Merck Settlement Widow Believes Justice Was Done

ByABC News via logo
August 20, 2005, 8:37 AM

Aug. 20, 2005 — -- The widow of a Texas man who died while taking the painkiller Vioxx believes justice was done in her lawsuit against Merck, the drug's maker, after a jury ordered the company to pay more than $253 million.

"It's my hope that this will make a difference in the way not only Merck but all of the pharmaceutical companies advertise and provide information to the physicians and to the consumers," the widow, Carol Ernst, said on ABC's "Good Morning America Weekend Edition."

Ernst won her lawsuit in Texas Superior Court in Angleton, where a jury blamed Vioxx for the 2001 death of her husband, Robert Ernst, a 59-year-old marathon runner and Wal-Mart worker who was taking the arthritis painkiller at the time of his death.

Ernst died in his sleep in 2001 after taking Vioxx for only eight months. Ernst had been taking the drug to alleviate pain in his hands.

The verdict held Merck liable for the death with jurors voting 10-2 in favor of Ernst, who won't actually walk away with all $253.4 million.

The jury awarded a $24 million penalty to Carol Ernst for mental anguish and loss of companionship and $229 million in punitive damages, plus $450,000 for Robert Ernst's lost pay. Under Texas law, however, punitive damages are capped, meaning Ernst's award will be drastically reduced to approximately $26 million.

The $229 million dollar award was based on "the money Merck made and saved by putting off their product label changes," said Ernst's Houston-based lawyer, Mark Lanier.
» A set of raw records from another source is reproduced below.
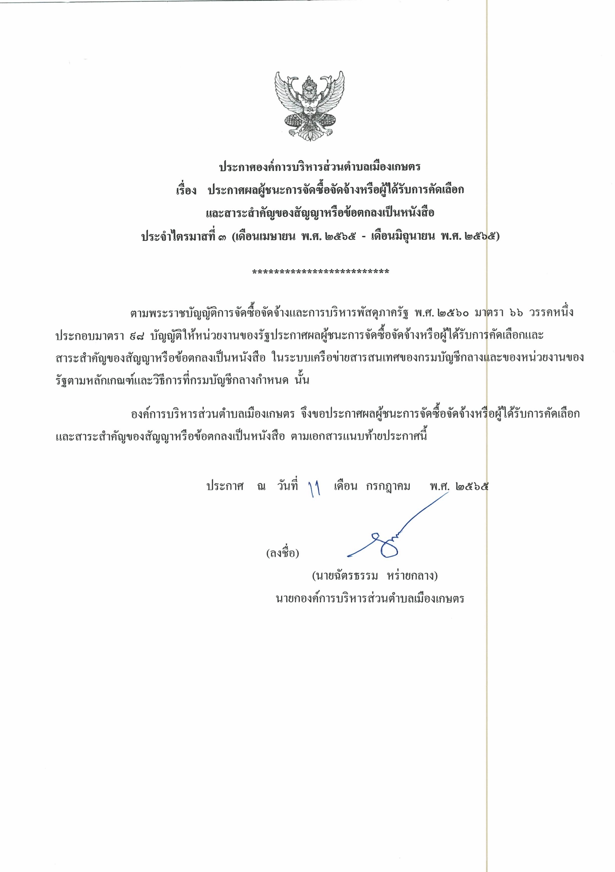 ประกาศผลผู้ชนะการจัดซื้อจัดจ้าง ประจำไตรมาสที่ ๓ ประจำปีงบประมาณ ๒๕๖๕
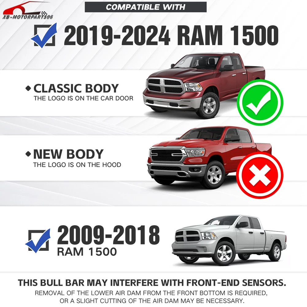 Bull Bar Front Grille Guard Bumper For 09-2018 Dodge Ram 1500 & 19-2024 Classic Please Note that this bull bar may interfere with front-end sensors. Suitable Models : Compatible with 2009-2018 Dodge Ram 1500 & 2019-2024 RAM 1500 Classic ( This won't fit 2019-UP RAM 1500 New Body Style & Rebel/Warlock/Sport Models ) Package Includes : 1 x Long Led Light Bars, 1 x Front Bull Bars, 1 x License Plate Frame Product Information : Product Dimensions : 37.4'' x 7.8'' x 19.7'' Installation mode: Bolt-On With Sensor Holes: No Placement on Vehicle: Front Item Weight: 30.14 Pounds Material: Carbon Steel Color: Black (hand measurements may have an error of 2-3 mm/0.078-0.118 in) Feature : ① Our grille guard comes with 312W long LED light bars and a license plate frame, providing additional lighting for night driving without the need for extra purchases. Our design features pre-drilled slots and holes, allowing for easy removal or replacement if desired; ② Our brush guards feature a special dual-side mesh design and an aggressive-looking logo on the Skid plate. The Skid plate is also removable, adding to the vehicle's wild appearance; ③ Constructed from square carbon steel with a black powder-coated surface, our Bumper Push Bar offers enhanced rust resistance and durability; ④ Direct bolt-on installation using factory holes. Removal of the lower air dam from the front bottom is required, or a slight cutting of the air dam may be necessary ; Warranty Period :2 year Standard Shipping (FedEx Ground or FedEx Home Delivery) Will usually ship within 3 business days of receiving cleared payment Please Note that this bull bar may interfere with front-end sensors. Suitable Models : Compatible with 2009-2018 Dodge Ram 1500 & 2019-2024 RAM 1500 Classic ( This won't fit 2019-UP RAM 1500 New Body Style & Rebel/Warlock/Sport Models ) Package Includes : 1 x Long Led Light Bars, 1 x Front Bull Bars, 1 x License Plate Frame Product Information : Product Dimensions : 37.4'' x 7.8'' x 19.7'' Installation mode: Bolt-On With Sensor Holes: No Placement on Vehicle: Front Item Weight: 30.14 Pounds Material: Carbon Steel Color: Black (hand measurements may have an error of 2-3 mm/0.078-0.118 in) Feature : ① Our grille guard comes with 312W long LED light bars and a license plate frame, providing additional lighting for night driving without the need for extra purchases. Our design features pre-drilled slots and holes, allowing for easy removal or replacement if desired; ② Our brush guards feature a special dual-side mesh design and an aggressive-looking logo on the Skid plate. The Skid plate is also removable, adding to the vehicle's wild appearance; ③ Constructed from square carbon steel with a black powder-coated surface, our Bumper Push Bar offers enhanced rust resistance and durability; ④ Direct bolt-on installation using factory holes. Removal of the lower air dam from the front bottom is required, or a slight cutting of the air dam may be necessary ; Warranty Period :2 year
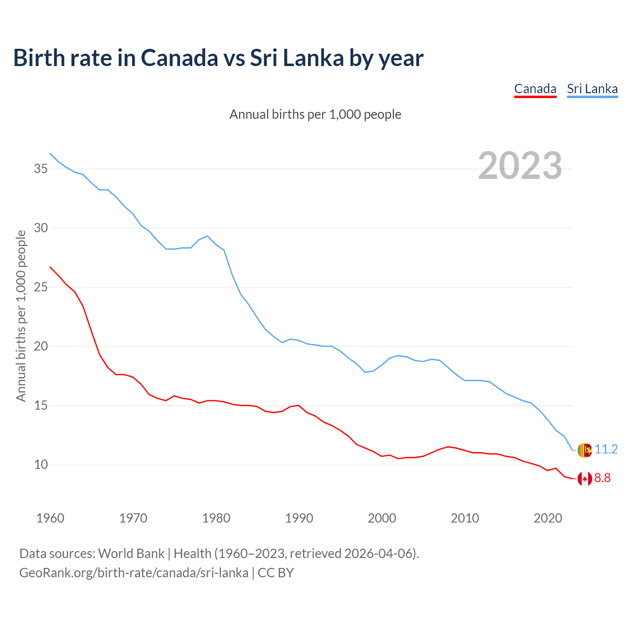GeoRank.org/birth-rate/canada/sri-lanka | CC BY
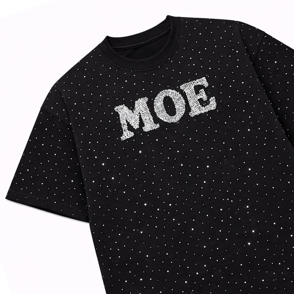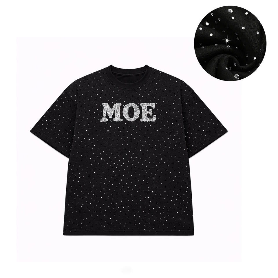 T-shirts personnalisés pour hommes, en coton, coupe ample et carrée, entièrement ornés de strass, logo personnalisé, haute qualité, fabrication OEM.
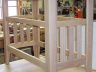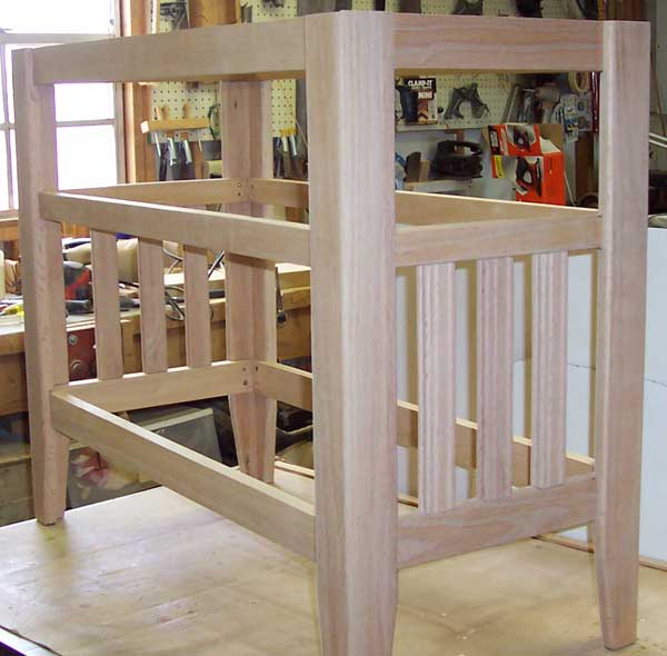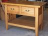 This is what I call an “entrance table” as that is what the friend I built it for wanted. It is made, entirely, of 3/4 inch oak sawn from an old solid oak church pew. It is all of glue and screw construction. The bars between the upper section and the lower shelf are set in with mortise and tennon construction. The legs are two pieces mitered and glued with all exposed edges rounded with a 3/8 inch round over router bit. All braces and spreaders are rabbited in place.
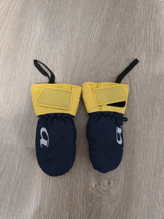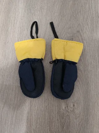 Manoplas de nieve para niños, talla 3. Perfectas para mantener las manos calientes en la montaña. - Color azul marino y amarillo. - Cierre de velcro. - Cordón ajustable.
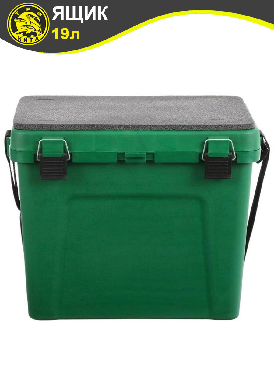 Ящик для рыбалки ТРИ кита Зимний большой 36х24х38 см черно-зеленый
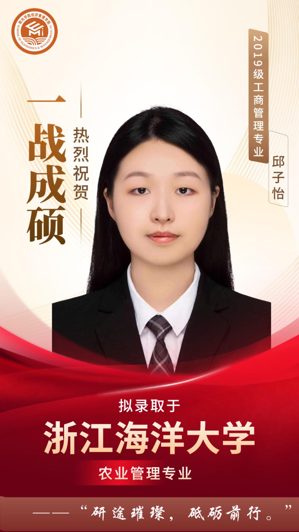 考研喜报⑦ | 经济管理学院邱子怡被浙江海洋大学农业管理专业录取
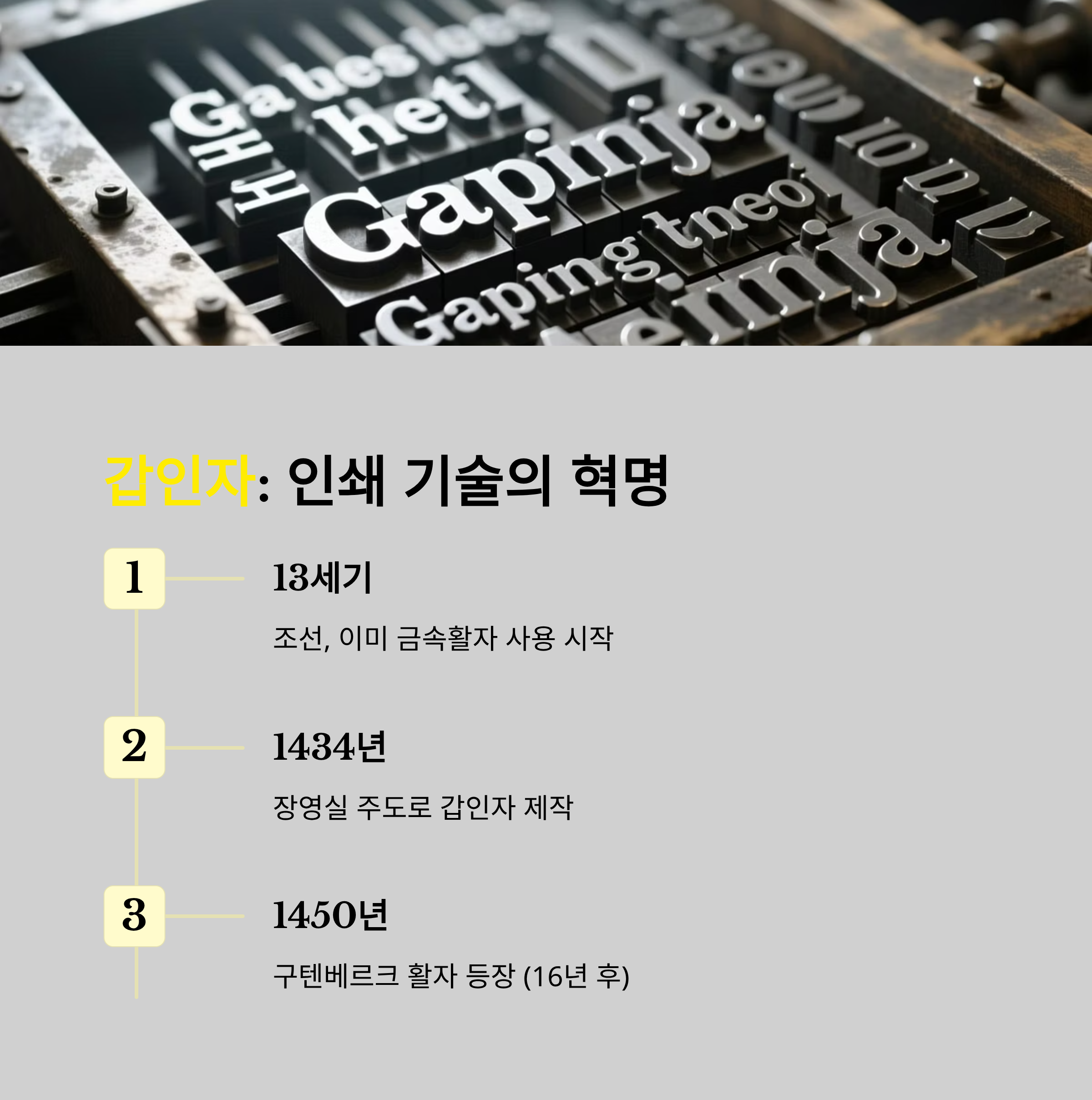 이미 13세기부터 금속활자를 사용해왔으며, 갑인자는 그 정점이라 할 수 있습니다.
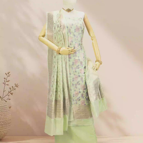 Pista Green Grace Chanderi Silk Kurta Set With Dupatta And Pants
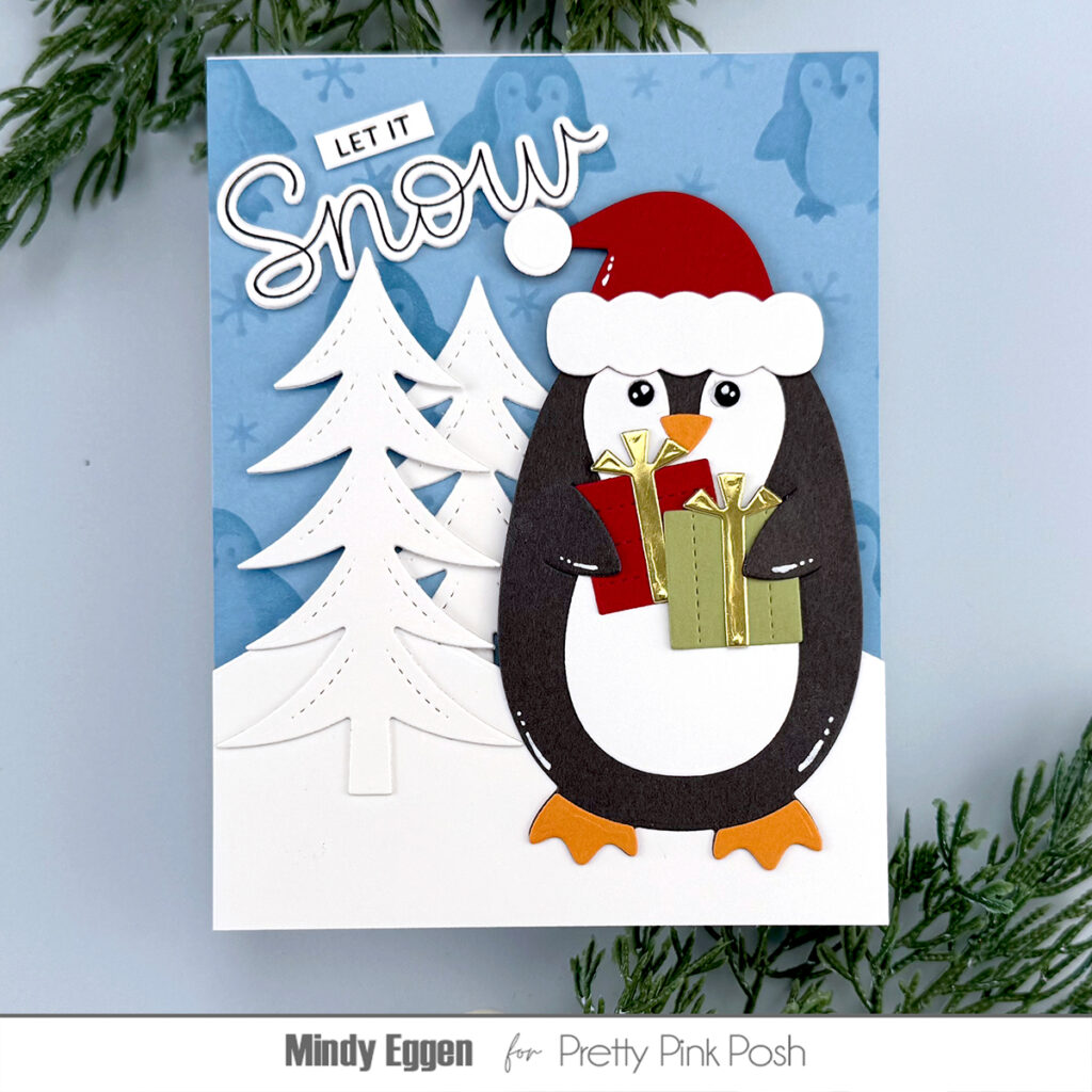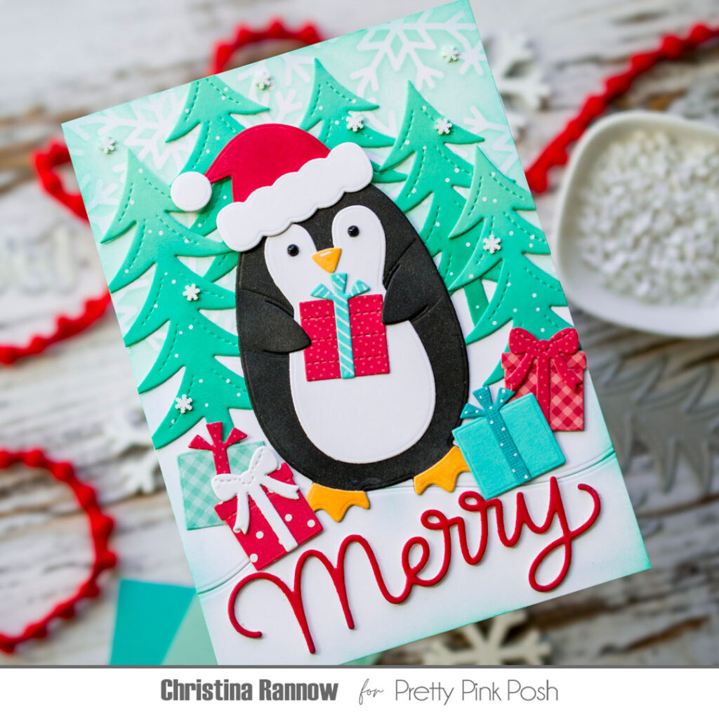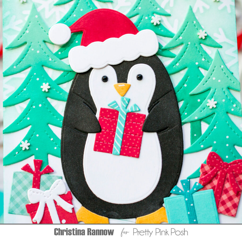 Hello, friends! Christina here to share some snowy sneak peeks of the upcoming winter release. For inspiration, I created a couple of bigger A6 cards featuring the adorable new Penguin Holder. This frosty friend is the latest addition to the popular critter holder collection and can hold any of the winter- or Christmas-themed accessories for creating festive wintertime cards! Let’s get started!

Vioxx is believed to increase the risk of heart attack, and the Food and Drug Administration had advised Merck to add a stronger warning label to Vioxx in October 2001. But Merck only did so four months later.

The case focused on whether Vioxx contributed to a heart attack that caused Ernst's death.

Merck's legal battle began in September 2004, when the company pulled the arthritis painkiller off the shelves when participants in a Vioxx study experienced "adverse cardiovascular events" compared to those taking a placebo. Nonetheless, Merck never actually conceded there were health risks.

Lanier said the jury award acts as a message to the drug companies to act responsibly instead of worrying only about their bottom line.

"Put patients first, not profit," Lanier said on "GMA Weekend Edition."